2026-05-12 コメント投稿する ▼
訪問看護とオンライン診療の連携強化へ、報酬算定ルールが決定 - 20分未満314単位
こうした背景を踏まえ、厚生労働省は、介護保険における訪問看護サービスの一環として、オンライン診療の補助を行った場合の報酬算定に関するルールを具体的に定めました。 訪問看護ステーションは、オンライン診療補助という新たなサービスメニューを設けることで、これまで以上に多様なニーズに応えられるようになります。
厚労省が報酬算定ルールを具体化
こうした背景を踏まえ、厚生労働省は、介護保険における訪問看護サービスの一環として、オンライン診療の補助を行った場合の報酬算定に関するルールを具体的に定めました。この度明らかになったルールによりますと、訪問看護師がオンライン診療の補助業務を行った場合、「20分未満の訪問で314単位」が所定の報酬として算定されることになります。これは、訪問看護ステーションにとって、オンライン診療補助という新たなサービス提供に対する収益化の道筋が示されたことを意味します。単位制度は、介護サービスや医療サービスの対価を数量化したもので、この単位数に基づいて具体的な報酬額が決定されます。314単位という数値は、この業務に対する一定の評価がなされたものと言えるでしょう。
期待される在宅医療推進への効果
この報酬算定ルールの明確化は、在宅医療の推進にとって重要な一歩となることが期待されます。訪問看護ステーションは、オンライン診療補助という新たなサービスメニューを設けることで、これまで以上に多様なニーズに応えられるようになります。例えば、定期的な経過観察や、軽微な体調変化があった際の迅速な対応などが、訪問看護師のサポートによってスムーズに行えるようになるでしょう。
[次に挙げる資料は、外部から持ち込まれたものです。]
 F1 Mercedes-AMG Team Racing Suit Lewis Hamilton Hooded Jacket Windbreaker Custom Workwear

これにより、利用者は住み慣れた自宅で療養を続けやすくなり、医療機関へのアクセスが困難な地域や、外出が難しい方々にとっても、より質の高い医療へのアクセスが確保されることが見込まれます。厚生労働大臣である上野賢一郎氏も、医療DXの推進を通じて、国民皆保険制度を維持しながら、質の高い医療へのアクセスを確保することの重要性を度々強調しており、今回のルール策定もその一環と位置づけられます。
現場での活用と直面する課題
今回の報酬算定ルールの導入により、訪問看護ステーションでは、オンライン診療補助の提供体制を整備する動きが加速すると考えられます。具体的には、医師との連携方法の確立、看護師への研修実施、情報通信機器の操作に関するマニュアル作成などが進むでしょう。
しかし、その一方で、いくつかの課題も指摘されています。まず、情報通信機器の操作に不慣れな高齢者への対応です。訪問看護師が機器の操作をサポートする必要が生じる場面も想定されますが、その際の時間や負担をどのように評価するかが重要になります。
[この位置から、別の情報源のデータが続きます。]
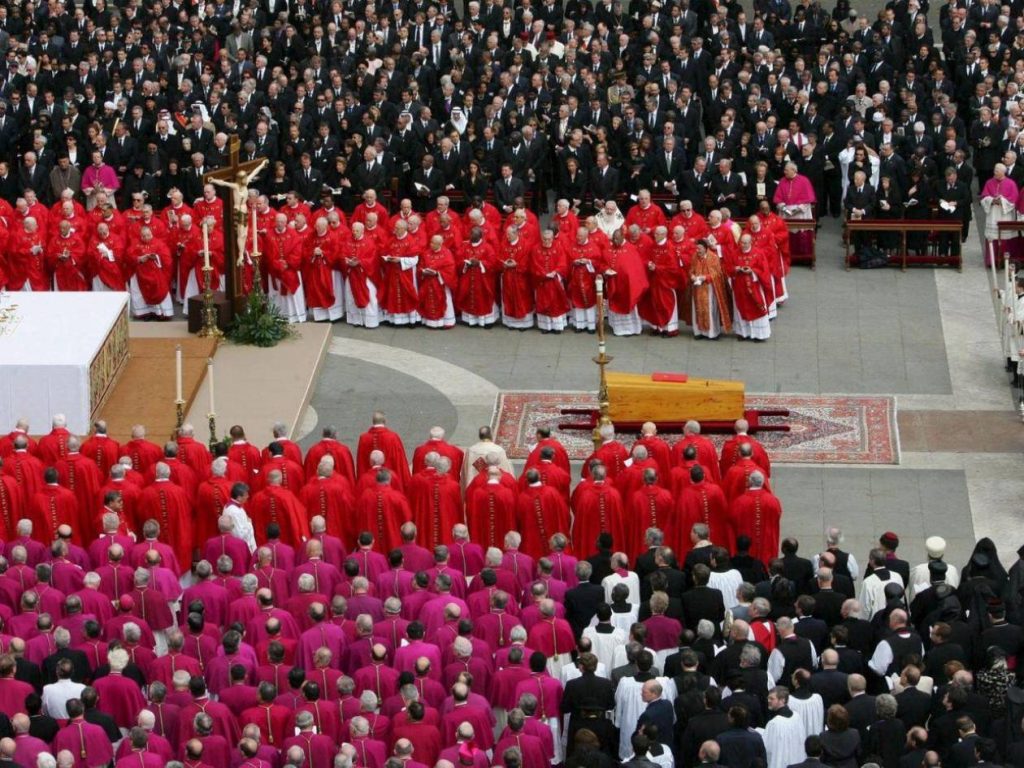 El cardenal Giovanni Battista ReEl cardenal Giovanni Battista Re bendice el ataúd. (Dylan Martinez/Reuters)

また、オンラインでのやり取りにおけるプライバシー保護や、情報セキュリティの確保も、これまで以上に慎重な対応が求められます。さらに、対面でのコミュニケーションでは得られる情報が、オンライン診療では限定される可能性も考慮し、訪問看護師が医師に正確な情報を伝えるための連携フローの構築が不可欠です。
今後の展望とテクノロジー活用
今回の報酬算定ルールの決定は、オンライン診療と訪問看護の連携を強化し、在宅医療の質を向上させるための基盤整備の一つと言えます。今後、このルールが実際にどのように運用され、現場でどのように活用されていくのか、その効果を注視していく必要があります。
医療DXの進展とともに、訪問看護の役割はますます多様化・専門化していくことが予想されます。今回のルールが、テクノロジーを活用した新しい形の医療・介護サービスの普及を後押しし、より多くの人々が安心して在宅療養を送れる社会の実現に繋がることを期待したいところです。
まとめ
- 厚生労働省は、介護保険における訪問看護でのオンライン診療補助の報酬算定ルールを決定した。
- 具体的な算定内容は「20分未満の訪問で314単位」である。
- このルール化により、訪問看護ステーションはオンライン診療補助の提供が収益化可能となり、在宅医療の推進が期待される。
- 一方で、高齢者への機器操作サポートやプライバシー保護、情報伝達フローの構築などの課題も存在する。